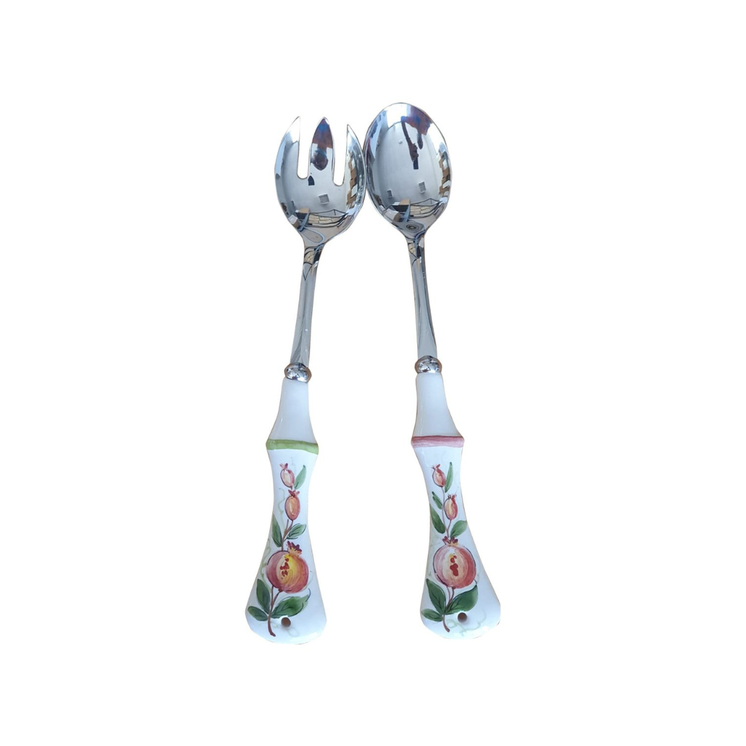 Porta colore e arte sulla tua tavola con il Set da Portata Melograno, caratterizzato da una testa in acciaio inox e manici in ceramica dipinta a mano decorati con motivi di melograno. Ogni pezzo presenta dettagli raffinati e tonalità vivaci che richiamano la ricchezza simbolica e la bellezza naturale del frutto.
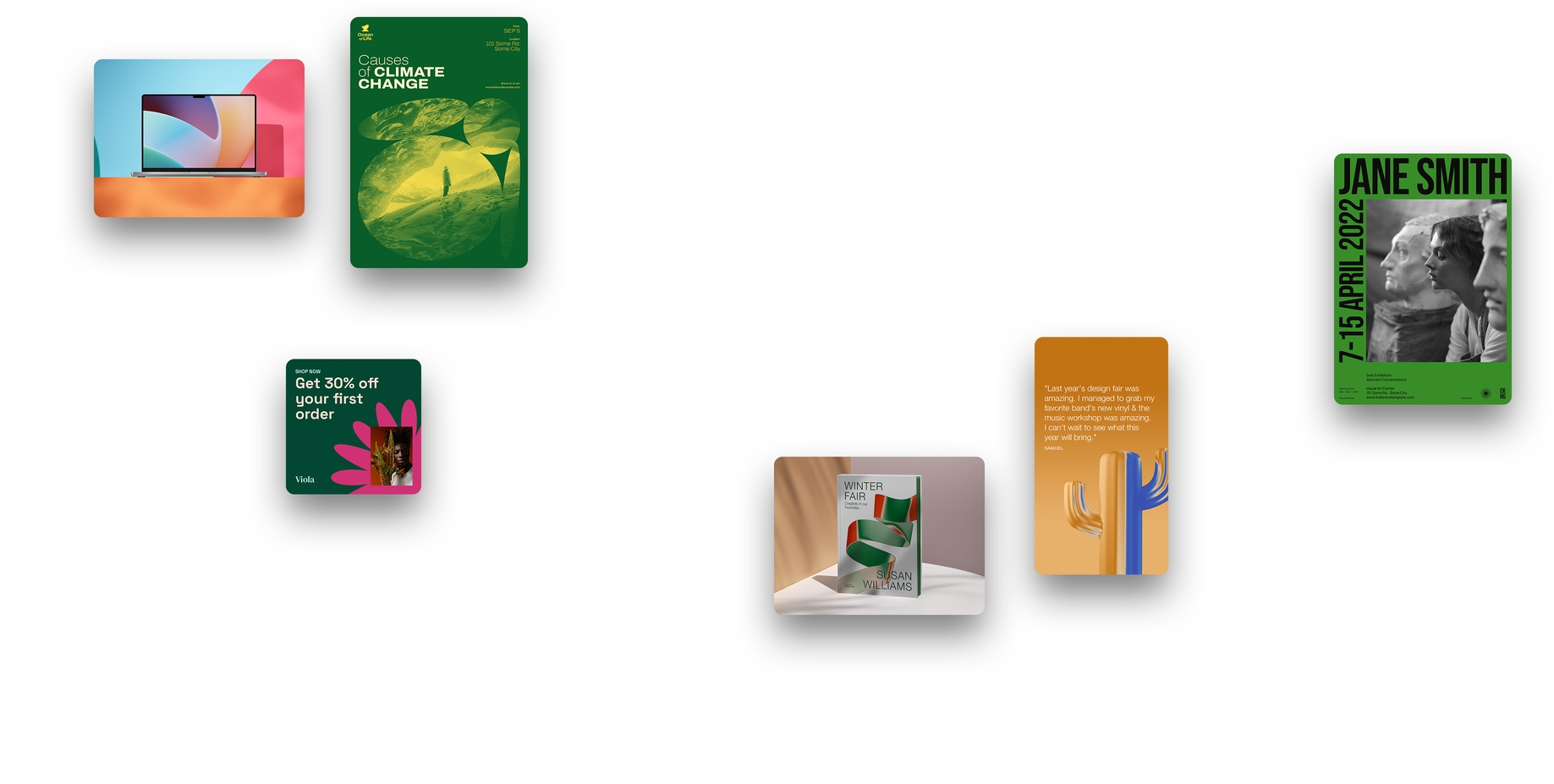 Create eye‑catching designs with ease using stunning design templates and see them come to life in beautiful, fully‑customizable mockups.
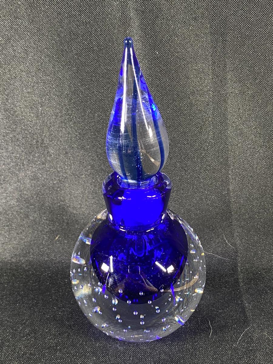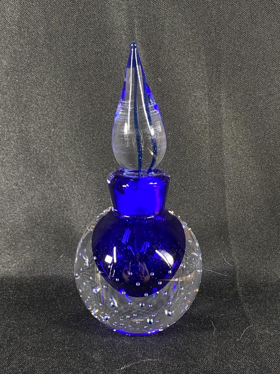 Cobalt blue and clear art glass perfume bottle. Blown glass, nicely done. About 6" size. Good condition.
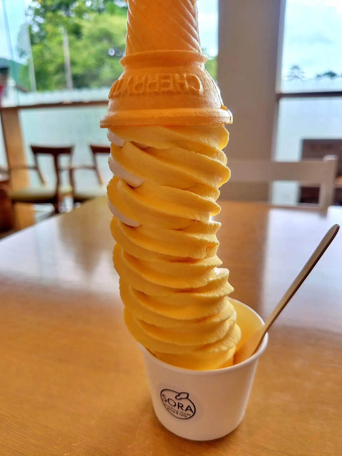 高知県中部の本山町の国道439号沿いにあるさめうらフーズ直営店「SORA」。高知県特産の柚子製品を手掛ける「さめうらフーズ」の直営店で、柚子を使ったパフェやソフトクリーム、ドリンクがいただける休憩スポットで、落ち着いた店内でゆったり涼むことが出来ます。なかでも、逆さのコーンが目を引く30㎝の「SORAソフト」はビックリメニューながら、お財布にも優しいお手頃価格です。
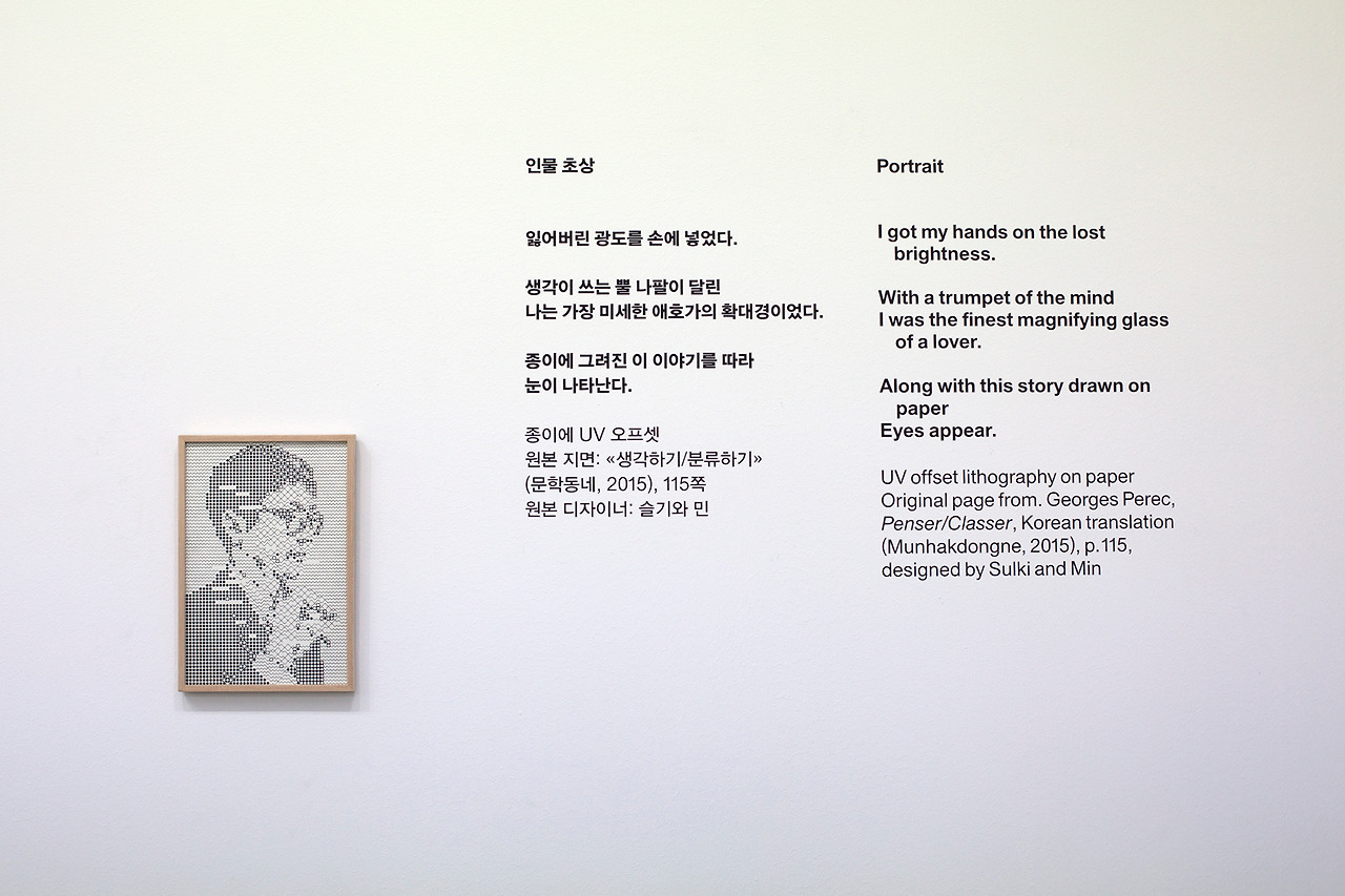 <인물 초상>의 시구(오른쪽)는 왼쪽 작품의 구멍이 된다. 남은 글자는 새로운 그래픽 디자인으로 재활용된다. 잠재문학실험실의 그래픽 디자인은 재활용이라기보다는 변용(變容, 용모를 바꿔 씀)이다.
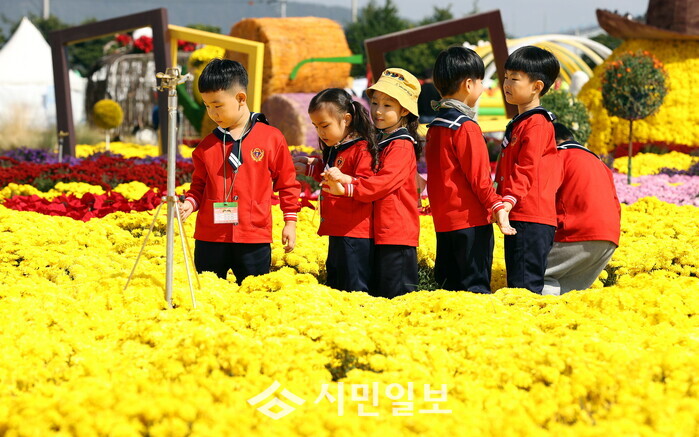 | ▲ 관내 어린이집 아동들이 갈대축제장 국화꽃 단지에서 자연 생태체험을 하고 있다. / 강진군 제공 |
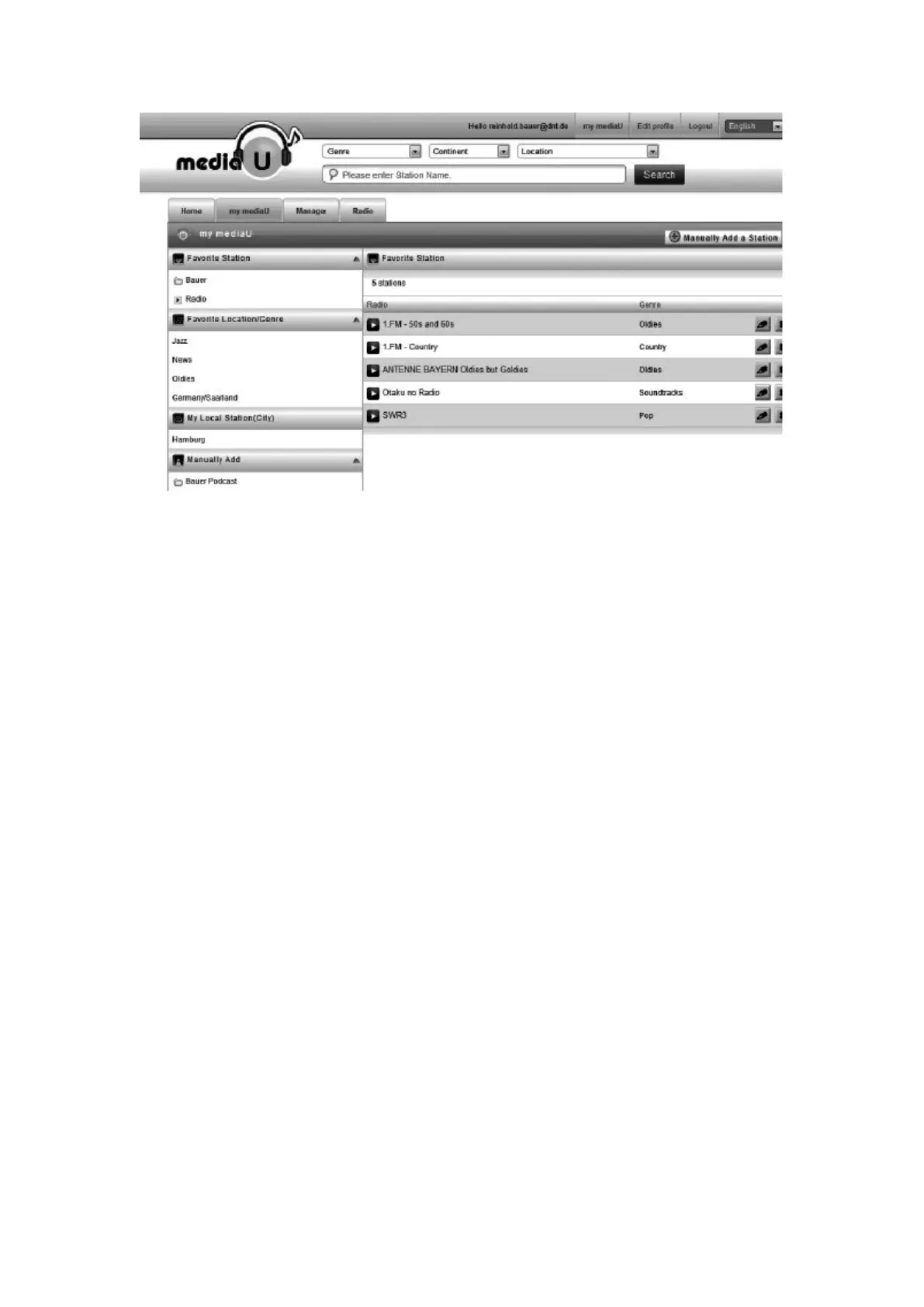 3. Alla voce My mediaU (Il Mio mediaU) >Manually Add (Aggiunta Manuale), è

* * * * * * * * *

- _EXERCISE DETAILS_
Find the line containing "Create eye‑catching designs" in the listing above. Restate it and every line after it, word for word, through the final line, leaving out the pictures.

- _TASK OUTPUT_
 Create eye‑catching designs with ease using stunning design templates and see them come to life in beautiful, fully‑customizable mockups.
 Cobalt blue and clear art glass perfume bottle. Blown glass, nicely done. About 6" size. Good condition.
 高知県中部の本山町の国道439号沿いにあるさめうらフーズ直営店「SORA」。高知県特産の柚子製品を手掛ける「さめうらフーズ」の直営店で、柚子を使ったパフェやソフトクリーム、ドリンクがいただける休憩スポットで、落ち着いた店内でゆったり涼むことが出来ます。なかでも、逆さのコーンが目を引く30㎝の「SORAソフト」はビックリメニューながら、お財布にも優しいお手頃価格です。
 <인물 초상>의 시구(오른쪽)는 왼쪽 작품의 구멍이 된다. 남은 글자는 새로운 그래픽 디자인으로 재활용된다. 잠재문학실험실의 그래픽 디자인은 재활용이라기보다는 변용(變容, 용모를 바꿔 씀)이다.
 | ▲ 관내 어린이집 아동들이 갈대축제장 국화꽃 단지에서 자연 생태체험을 하고 있다. / 강진군 제공 |
 3. Alla voce My mediaU (Il Mio mediaU) >Manually Add (Aggiunta Manuale), è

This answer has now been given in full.